(Stored data)

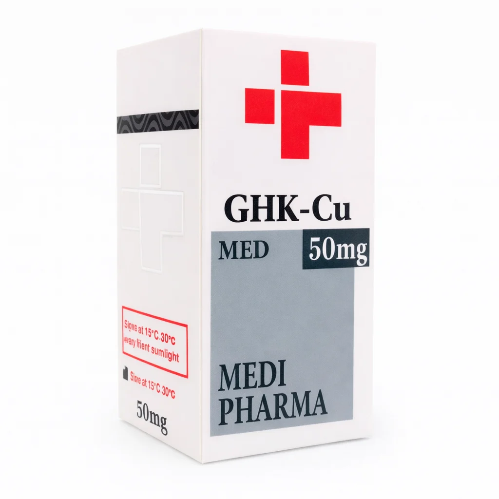 GHK-Cu 50mg (Glycyl-L-Histidyl-L-Lysine Copper) per vial is a short-chain peptide that binds a copper ion and is primarily known for its cell-regenerating and repairing properties. It is frequently investigated in peptide research for skin rejuvenation, wound healing, scar reduction, and hair growth.
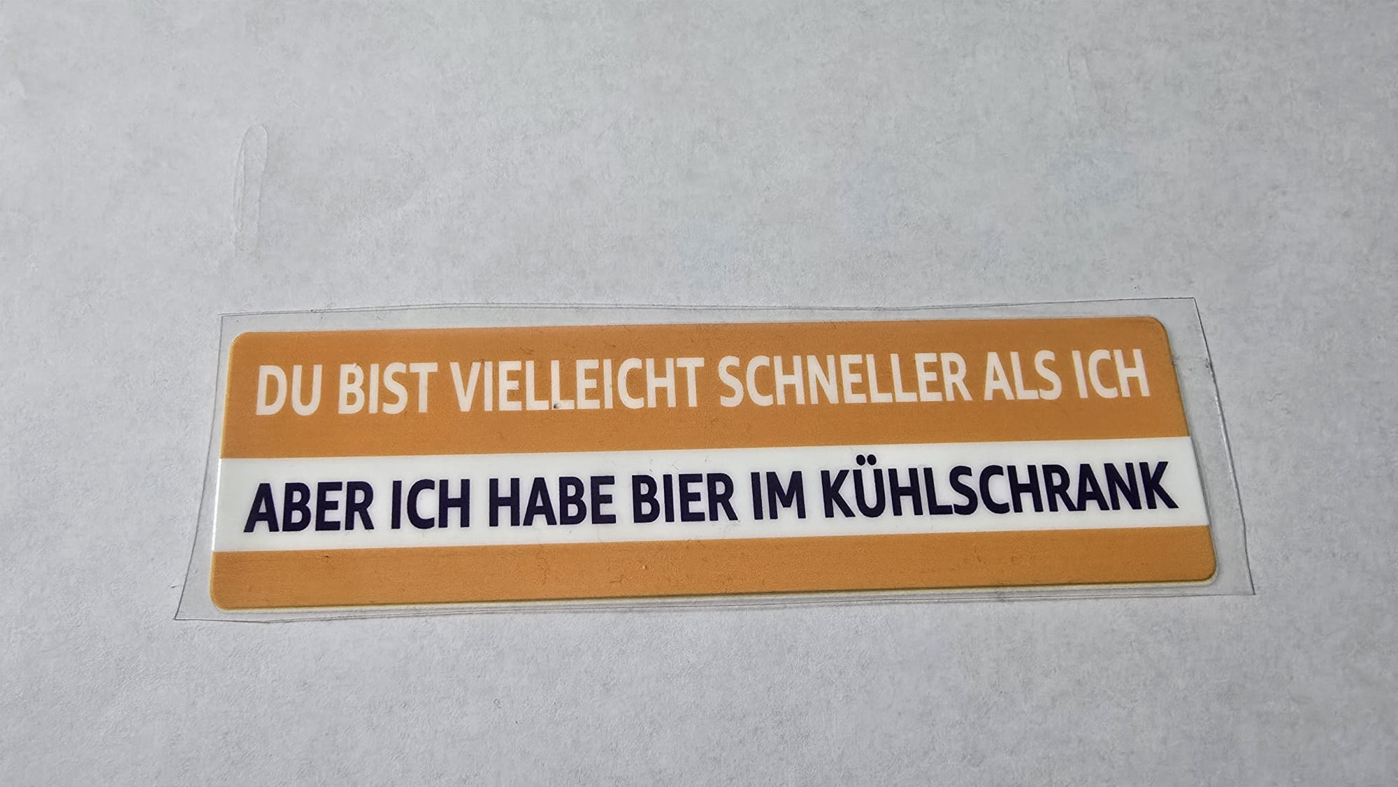 FUN Sticker – „Du bist vielleicht schneller als ich, aber ich habe Bier im Kühlschrank“
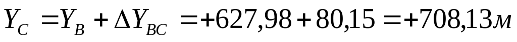 Координаты точки С получаем алгебраическим сложением координат точки В с приращением по линии ВС, действуя по схеме
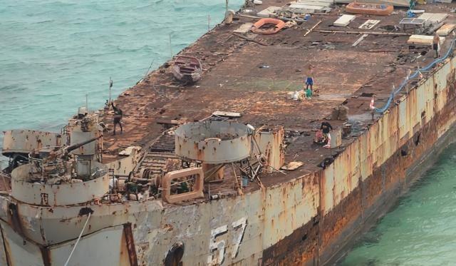 1999年,菲律宾的57号坦克登陆舰就来到南海,借口故障想以“坐滩”的方式窃占仁爱礁。到2021年,舰体早已破烂不堪,可怜的是在军舰上驻守的几个士兵,每天只能打鱼、斗鸡、发呆,有家不能回! 这艘船最早是1944年美国造的坦克登陆舰,编号LST-821,二战后期在美国印第安纳州船厂建成,下水后直接投入太平洋战场,主要干运输部队和物资的活儿,干完没多久就退役进了储备库。 1966年它又被拉出来服役,改名叫哈尼特县号,专门改装成支援越南战场的母舰,上面加了直升机平台和巡逻艇设备,在河口地带给美军提供补给和维修。1970年美国把船转给南越海军,改名美湫号,继续在湄公河一带跑。1975年南越政权倒台时,船上塞满难民,开到菲律宾苏比克湾的美军基地。1976年4月菲律宾海军正式接手,命名为马德雷山号,舷号LT-57,从此当成运输舰用,在菲律宾周边岛屿间运兵运货,一用就是二十来年。 到1999年5月,菲律宾把这艘老掉牙的船派到南海南沙群岛的仁爱礁。船上说机械出故障,船体漏水,没法继续航行,就这么直接开到礁盘浅滩上搁浅了。实际操作是故意安排的,目的是在礁上留下常驻存在,回应1995年中国占据美济礁之后的局面。 中国外交上立刻要求菲律宾把船拖走,菲律宾那边一口咬定船坏了修不了,就一直拖着不挪,还定期派海军陆战队士兵轮换驻守。 船上通常留着一名队长、医务兵、无线电员加上七八名士兵,总人数不超过十几个,带点轻武器,把那里当成前沿据点。菲律宾这么做,就是想造成实际控制的事实,盯上仁爱礁附近海域的渔业和潜在油气资源。 这些年过去,情况越来越清楚。中国允许菲律宾运基本食物和生活用品过去,但严格挡住钢筋水泥、电焊机这类维修材料。船停在热带海里,日晒雨淋加台风,海水盐分一天天腐蚀船体。油漆早就掉光,钢铁锈成一层一层,船身出现不少裂口和窟窿。 到2021年,整个舰体已经烂得不成样子,海浪直接从破洞涌进舱室,下层甲板常年泡水。 菲律宾海军陆战队士兵驻守在里面,日子过得相当艰苦。他们每天面对的就是那几个人,补给船来一次不容易,有时因为天气或者其他原因耽搁,就得靠自己下海捕鱼维持伙食。船上没啥像样的娱乐设施,士兵们轮流值班,检查固定位置,处理日常事务,剩下的时间基本就是坐着看海。 驻守轮换周期里,这些士兵回不了家,长期待在锈迹斑斑的舱室里。房间里只有简易床和蚊帐,卫生条件直接在船边解决。船体结构越来越不稳,菲律宾方面也承认需要加固,可因为材料进不去,修修补补始终跟不上腐蚀速度。 仁爱礁离菲律宾本土有上百海里,补给路线长,中国海警船在周边活动频繁,经常让运补行动受阻。 2021年11月就有一次,菲律宾补给船被水炮干扰后延迟,士兵们就靠钓鱼过日子。 菲律宾坚持不拖船,中国则反复强调这是非法占据,要求尽快移除。双方在外交和现场层面一直对峙,仁爱礁周边海域的巡航和补给成了常态摩擦点。到2021年为止,船还在原地,士兵们继续在破船上轮值,生活条件没根本改善。 这件事放在南海争端里,清楚显示出用老旧舰船制造既成事实的做法,最终把人和船都拖进了长期消耗的境地。
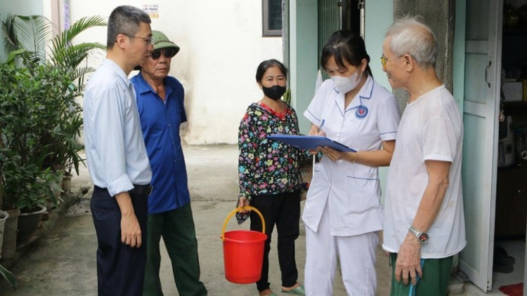 Cán bộ y tế hướng dẫn người dân trên địa bàn thành phố Hà Nội thực hiện các biện pháp phòng, chống các bệnh truyền nhiễm tại cộng đồng. Ảnh SYT
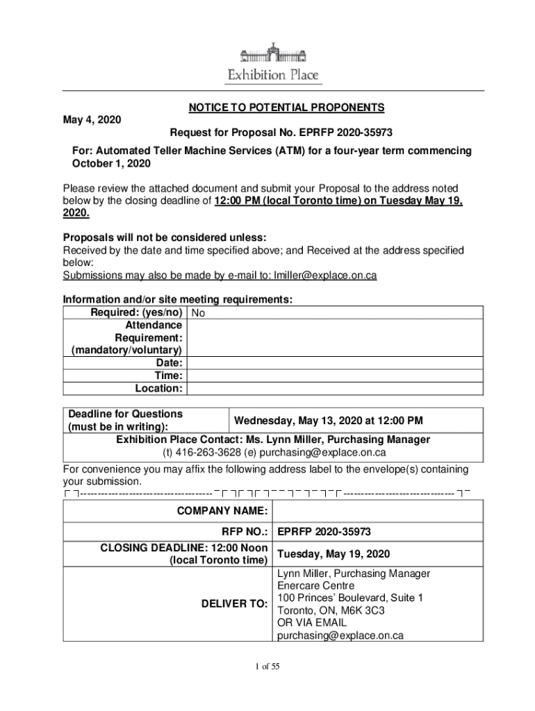 Get the free NOTICE TO POTENTIAL PROPONENTS May 4, 2020 Request for ...
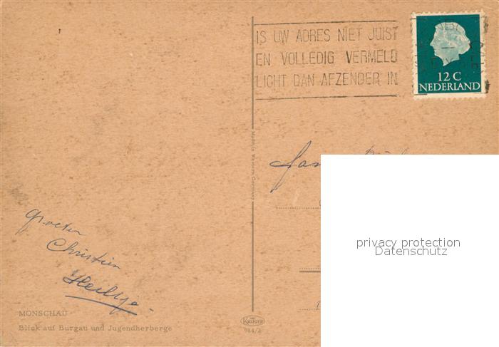 72932302 alte Postkarte Monschau mit Burgau und Jugendherberge postalisch gelaufen Erhaltung siehe scans [WerneD78] KatCode: 11110005354020
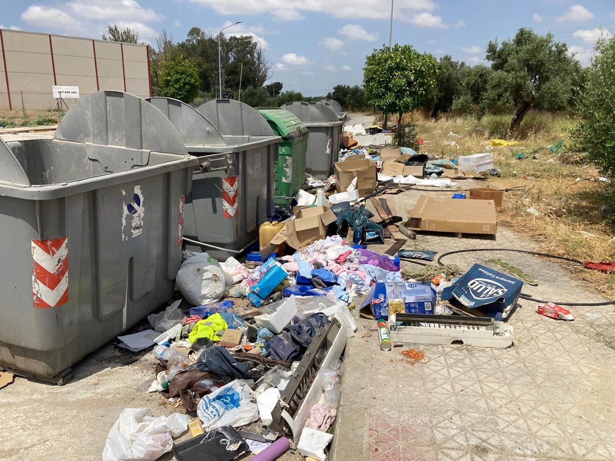 Imagen de contenedores rodeados de basura en Utrera - PSOE

**Activity**
Pictures do not belong in the copy. Please reproduce the entries above exactly otherwise.

**Completed task**
 GHK-Cu 50mg (Glycyl-L-Histidyl-L-Lysine Copper) per vial is a short-chain peptide that binds a copper ion and is primarily known for its cell-regenerating and repairing properties. It is frequently investigated in peptide research for skin rejuvenation, wound healing, scar reduction, and hair growth.
 FUN Sticker – „Du bist vielleicht schneller als ich, aber ich habe Bier im Kühlschrank“
 Координаты точки С получаем алгебраическим сложением координат точки В с приращением по линии ВС, действуя по схеме
 1999年,菲律宾的57号坦克登陆舰就来到南海,借口故障想以“坐滩”的方式窃占仁爱礁。到2021年,舰体早已破烂不堪,可怜的是在军舰上驻守的几个士兵,每天只能打鱼、斗鸡、发呆,有家不能回! 这艘船最早是1944年美国造的坦克登陆舰,编号LST-821,二战后期在美国印第安纳州船厂建成,下水后直接投入太平洋战场,主要干运输部队和物资的活儿,干完没多久就退役进了储备库。 1966年它又被拉出来服役,改名叫哈尼特县号,专门改装成支援越南战场的母舰,上面加了直升机平台和巡逻艇设备,在河口地带给美军提供补给和维修。1970年美国把船转给南越海军,改名美湫号,继续在湄公河一带跑。1975年南越政权倒台时,船上塞满难民,开到菲律宾苏比克湾的美军基地。1976年4月菲律宾海军正式接手,命名为马德雷山号,舷号LT-57,从此当成运输舰用,在菲律宾周边岛屿间运兵运货,一用就是二十来年。 到1999年5月,菲律宾把这艘老掉牙的船派到南海南沙群岛的仁爱礁。船上说机械出故障,船体漏水,没法继续航行,就这么直接开到礁盘浅滩上搁浅了。实际操作是故意安排的,目的是在礁上留下常驻存在,回应1995年中国占据美济礁之后的局面。 中国外交上立刻要求菲律宾把船拖走,菲律宾那边一口咬定船坏了修不了,就一直拖着不挪,还定期派海军陆战队士兵轮换驻守。 船上通常留着一名队长、医务兵、无线电员加上七八名士兵,总人数不超过十几个,带点轻武器,把那里当成前沿据点。菲律宾这么做,就是想造成实际控制的事实,盯上仁爱礁附近海域的渔业和潜在油气资源。 这些年过去,情况越来越清楚。中国允许菲律宾运基本食物和生活用品过去,但严格挡住钢筋水泥、电焊机这类维修材料。船停在热带海里,日晒雨淋加台风,海水盐分一天天腐蚀船体。油漆早就掉光,钢铁锈成一层一层,船身出现不少裂口和窟窿。 到2021年,整个舰体已经烂得不成样子,海浪直接从破洞涌进舱室,下层甲板常年泡水。 菲律宾海军陆战队士兵驻守在里面,日子过得相当艰苦。他们每天面对的就是那几个人,补给船来一次不容易,有时因为天气或者其他原因耽搁,就得靠自己下海捕鱼维持伙食。船上没啥像样的娱乐设施,士兵们轮流值班,检查固定位置,处理日常事务,剩下的时间基本就是坐着看海。 驻守轮换周期里,这些士兵回不了家,长期待在锈迹斑斑的舱室里。房间里只有简易床和蚊帐,卫生条件直接在船边解决。船体结构越来越不稳,菲律宾方面也承认需要加固,可因为材料进不去,修修补补始终跟不上腐蚀速度。 仁爱礁离菲律宾本土有上百海里,补给路线长,中国海警船在周边活动频繁,经常让运补行动受阻。 2021年11月就有一次,菲律宾补给船被水炮干扰后延迟,士兵们就靠钓鱼过日子。 菲律宾坚持不拖船,中国则反复强调这是非法占据,要求尽快移除。双方在外交和现场层面一直对峙,仁爱礁周边海域的巡航和补给成了常态摩擦点。到2021年为止,船还在原地,士兵们继续在破船上轮值,生活条件没根本改善。 这件事放在南海争端里,清楚显示出用老旧舰船制造既成事实的做法,最终把人和船都拖进了长期消耗的境地。
 Cán bộ y tế hướng dẫn người dân trên địa bàn thành phố Hà Nội thực hiện các biện pháp phòng, chống các bệnh truyền nhiễm tại cộng đồng. Ảnh SYT
 Get the free NOTICE TO POTENTIAL PROPONENTS May 4, 2020 Request for ...
 72932302 alte Postkarte Monschau mit Burgau und Jugendherberge postalisch gelaufen Erhaltung siehe scans [WerneD78] KatCode: 11110005354020
 Imagen de contenedores rodeados de basura en Utrera - PSOE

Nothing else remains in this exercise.